Hopkins looked at Admiral Nimitz and Lieutenant General John Lesesne DeWitt. Even though he was gaunt, disheveled, and dressed in an ill-fitting suit, Hopkins was clearly in charge. He was also a little annoyed that he’d been sent west to negotiate what amounted to a truce between the army and the navy and the nation’s overall war goals. At least, he thought wryly, he didn’t have to deal with the arrogant General Douglas MacArthur, who was busy trying desperately to hold onto Australia.

Hopkins coughed and began. “Gentlemen, enough is enough. We are now certain that the Japanese will not invade California or anyplace else on the West Coast. Therefore, we have to make some changes consistent with plans for coming events. In short, we now have more than a million American soldiers sitting on their thumbs, waiting in trenches and pillboxes along the Pacific coast for an enemy who isn’t going to come.”

“Is your intelligence that good?” DeWitt asked with a trace of sulkiness.

As a three-star, DeWitt was junior to Nimitz and strongly suspected that he wasn’t getting all the information the higher-ranking admiral was. He was also getting a lot of flack for interning Japanese civilians even though he was convinced that the actions were necessary and his efforts were supported by FDR. DeWitt was painfully conscious that most of his experience in the army was as a quartermaster and not as a combat officer. He now commanded the sprawling Fourth Army area, which also included Alaska, and was being heavily criticized for the ease with which the Japanese had taken Anchorage.

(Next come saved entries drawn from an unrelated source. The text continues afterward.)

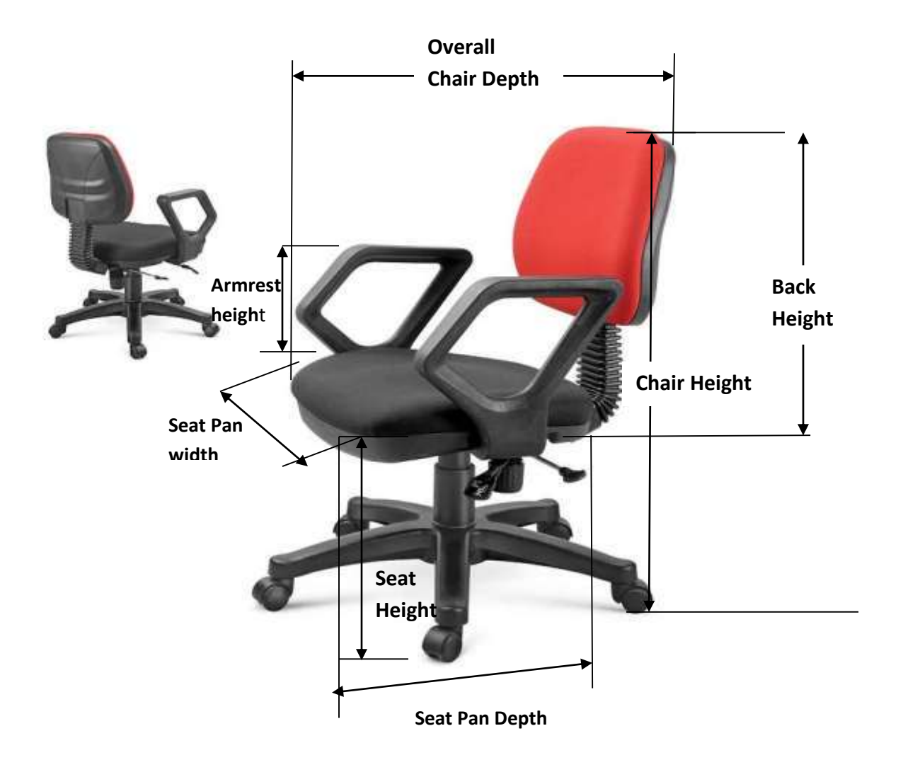
Figure 2a: Illustration of Seating Chair 1
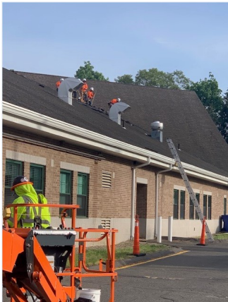
Community Center Roof Replacement
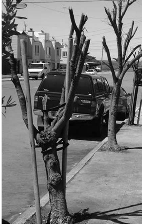
We are all responsible for the skilled pruning of the street trees on our property.

At an alarming rate, San Francisco is losing the environmental and aesthetic asset of its mature urban forest to illegal ‘pruning,’ or topping. Friends of the Urban Forest needs your help NOW. Please report these obvious and blatant acts to urbanforestry@sfdpw.org providing accurate information on the damaged tree address, company or individual doing the ‘job’ (if available) and, if possible a digital picture of the tree. CC: doug@fuf.net as well and we will help and follow up with the Bureau of Urban Forestry.
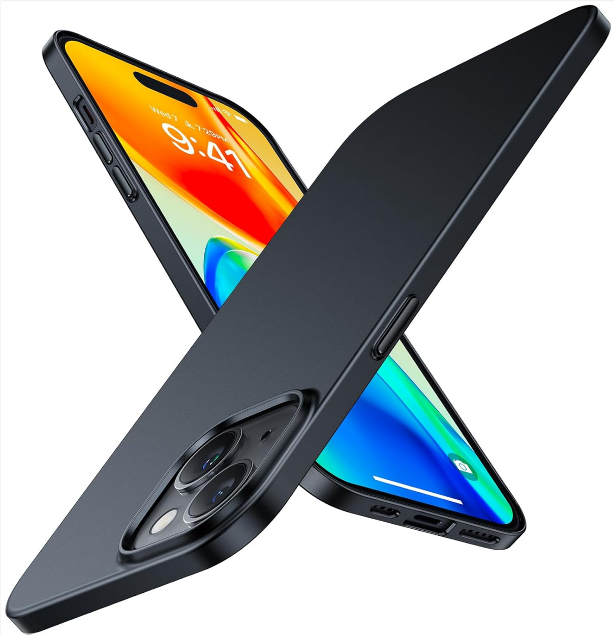
Figure 1: TORRAS Slim Fit Phone Case for iPhone 15.
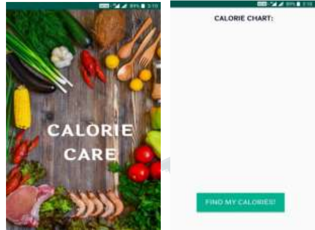
Fig.2 Application UI

Figure 5 and 6 shows the bills of different quality of the camera.
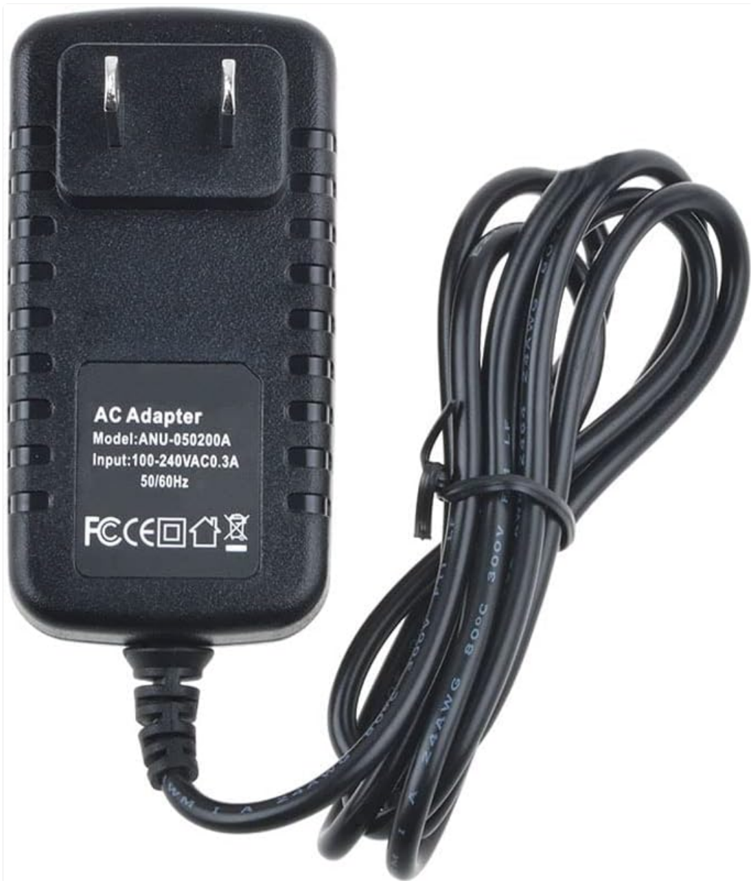
Figure 3.1: Rear view of the kybate AC Adapter, displaying the product label with model number (ANU-050200A), input voltage (100-240VAC 0.3A), and various certification marks (FC, CE, RoHS).
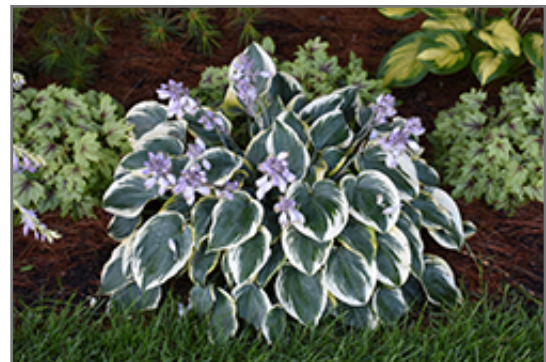
First Frost Hosta in bloom
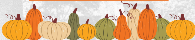
Pic of line of pumpkins

"October is a symphony of permanence and change." — Bonaro W. Overstreet
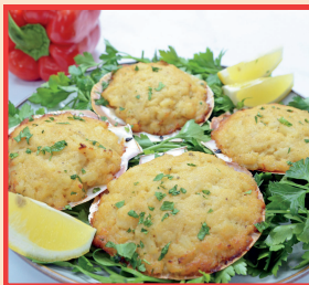
DOUBLE- STUFFED SCALLOPS
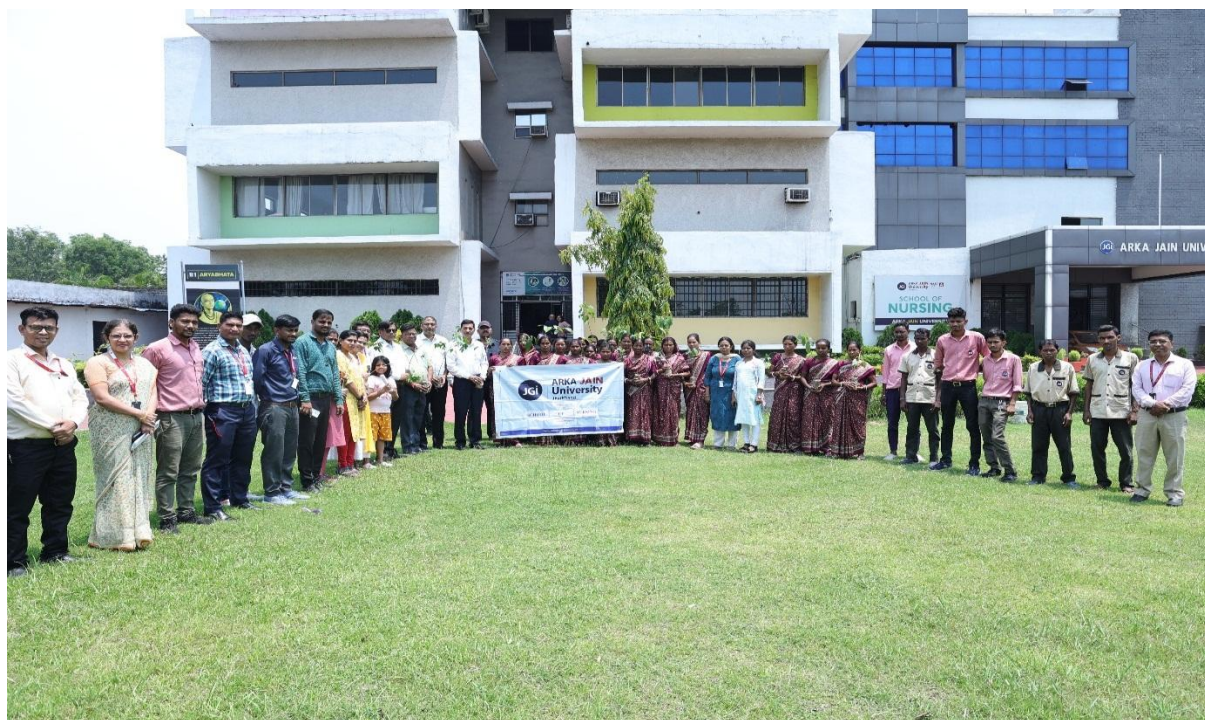
Fig.3 group photo of the world environment day
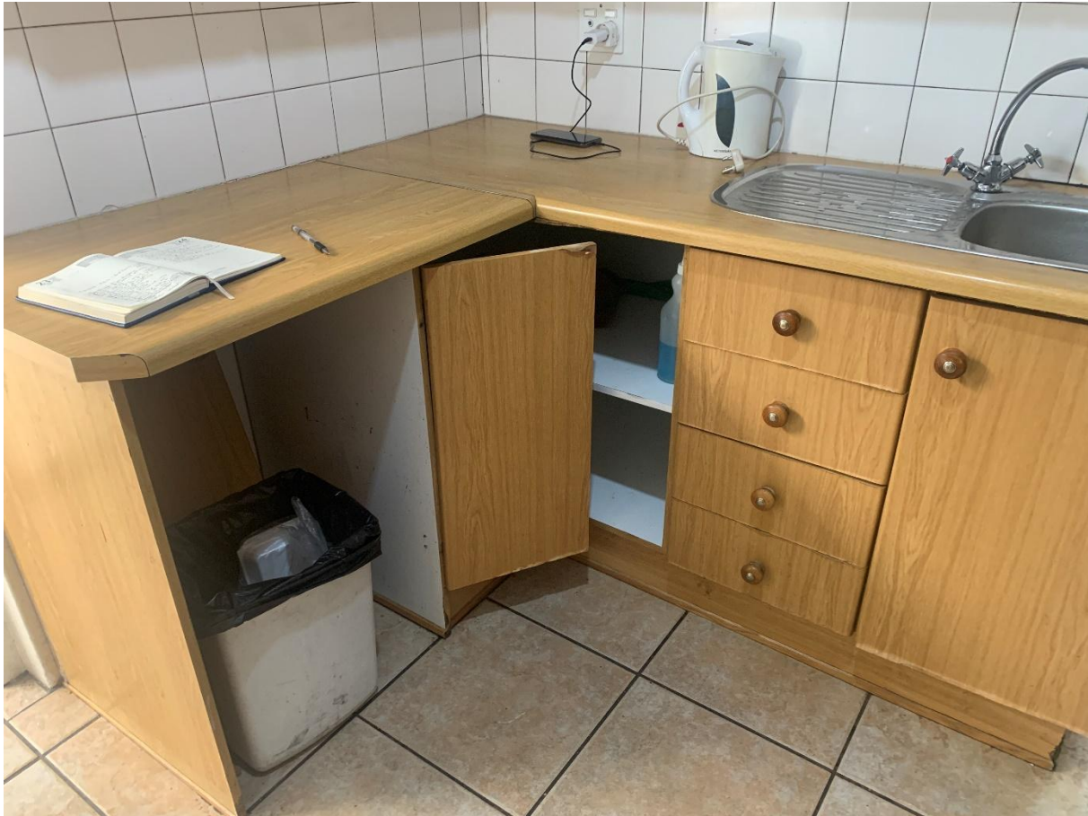
Figure 11: Old and rotten kitchen carboards

The internment of Japanese civilians and American citizens was another major problem. The short-tempered DeWitt had been infuriated by the lack of preparedness and common sense shown by civilian authorities. This included failure to black out cities and several absurd false alarms when people thought the Japanese fleet was approaching. The sixty-two-year-old DeWitt felt all of those years.

“Our intelligence is excellent,” answered Hopkins as Nimitz looked down at his hands. The admiral was among a chosen few who knew the United States had broken at least some of the Japanese codes. DeWitt was not.

Hopkins continued. “I assume everyone has heard the rumors that we are going to invade North Africa. Well, the rumors are true and, in order to do that, we are going to need an army. Specifically, General DeWitt, we are going to need many of those several hundreds of thousands of troops who were sent here after the Midway battle to protect against what we now know is a nonexistent invasion, and to forestall the hysteria among the civilian population that was assuming epic proportions. Gentlemen, there never was any threat of an invasion. The Japs can and will continue to raid, but they will not invade. Therefore, we need significant components of the Fourth Army sent back east pronto so they can be prepared to land in North Africa in November.”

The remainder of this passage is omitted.